Podrás argumentar que hoy en el mundo hay menos violencia que antes, yo lo dudo. Para mí podrán cambiar los escenarios y las tecnologías, pero seguimos actuando en la misma tragedia bestial de siempre.

Esperando la Aurora

Ha sido una larga noche en vela.

Llena de aterradores pensamientos sin esperanza.

Soy testigo claro, iluminado por el eco de los tiempos,

de que no tiene caso apostarle al mañana… los dados están recargados.

Sin embargo aquí estoy, respirando y pensando, esperando la aurora.

La vida es corta para muchos.

Principalmente para aquellos que no la saben vivir.
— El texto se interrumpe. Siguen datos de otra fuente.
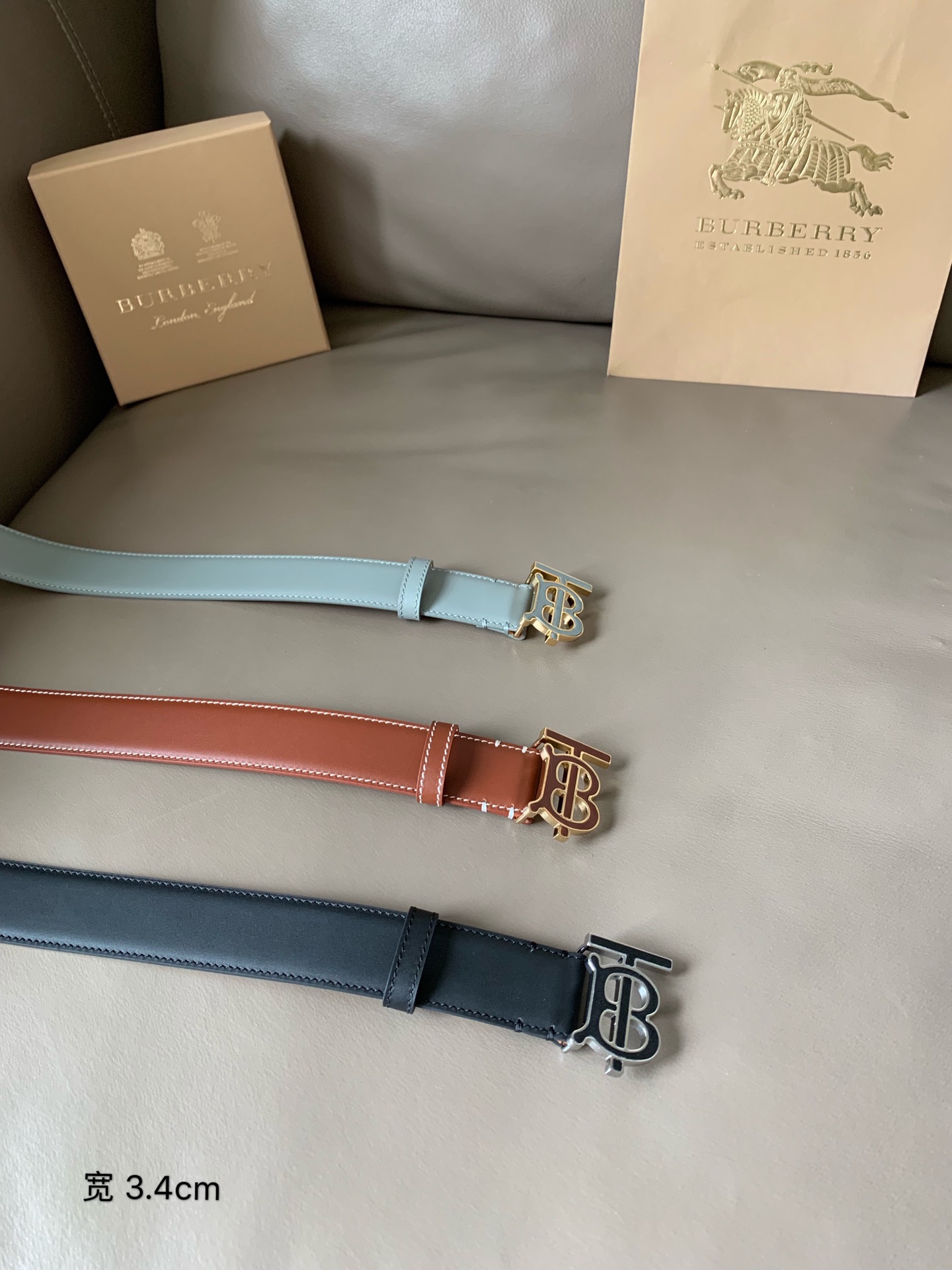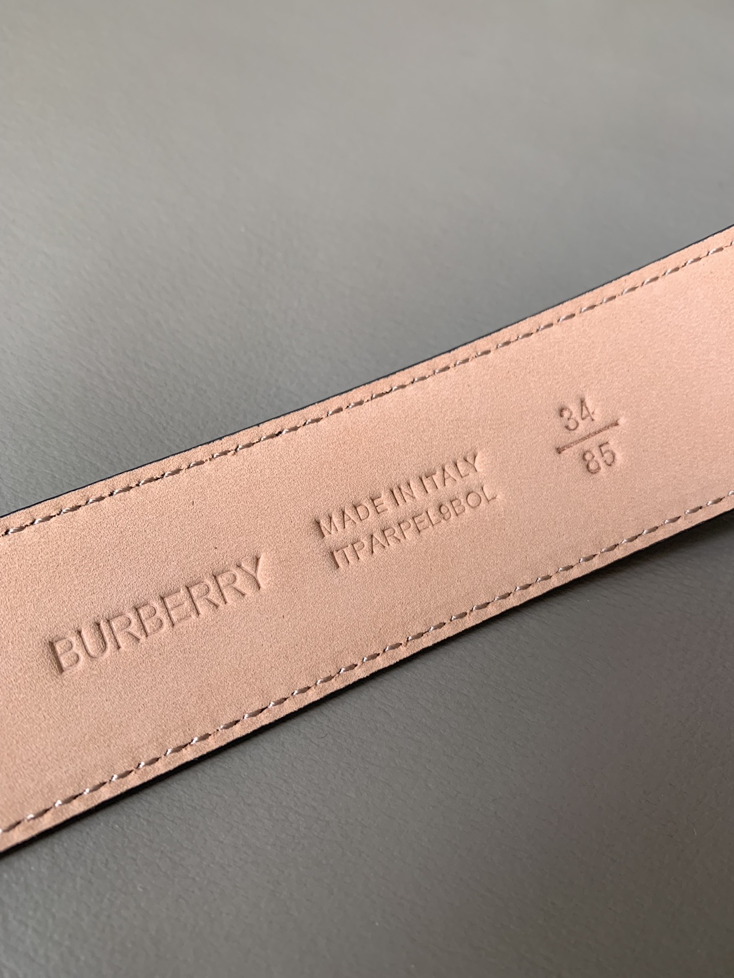 Burberry counter new high-end fashion casual belt. Width :3.4cm. Made of top layer original calfskin lined with tree cream nubuck leather, beautifully decorated with topstitching; exclusive logo pattern plaque buckle embellished with hand-inlaid leather details. Noble and elegant, simple and versatile, top workmanship. 26089613

Para quienes cada día es una rutina y cada noche una ruina,

esos son los dopados con series, canciones en serie, modas inmundas y dispositivos sometedores.

La vida es corta sobre todo para quienes no tienen ni idea de lo que es la libertad.

Al final nada importa y sin embargo aquí estoy, esperando la aurora.

La soledad no es una maldición, el abandono sí, y estos son tan hermanos como Abel y Caín.

De arriba nos hacen creer que no estamos solos, cuando en realidad acá abajo estamos abandonados.

La vida no tiene ninguna razón ni motivo en sí, está en nosotros crear el nuestro, y seguirlo.

Pero somos pereza viviente, preferimos todo empaquetado, a pesar de que el precio a pagar sea nuestra propia destrucción.

A veces es difícil seguir por aquí y sin embargo aquí sigo, respirando y pensando, esperando la aurora.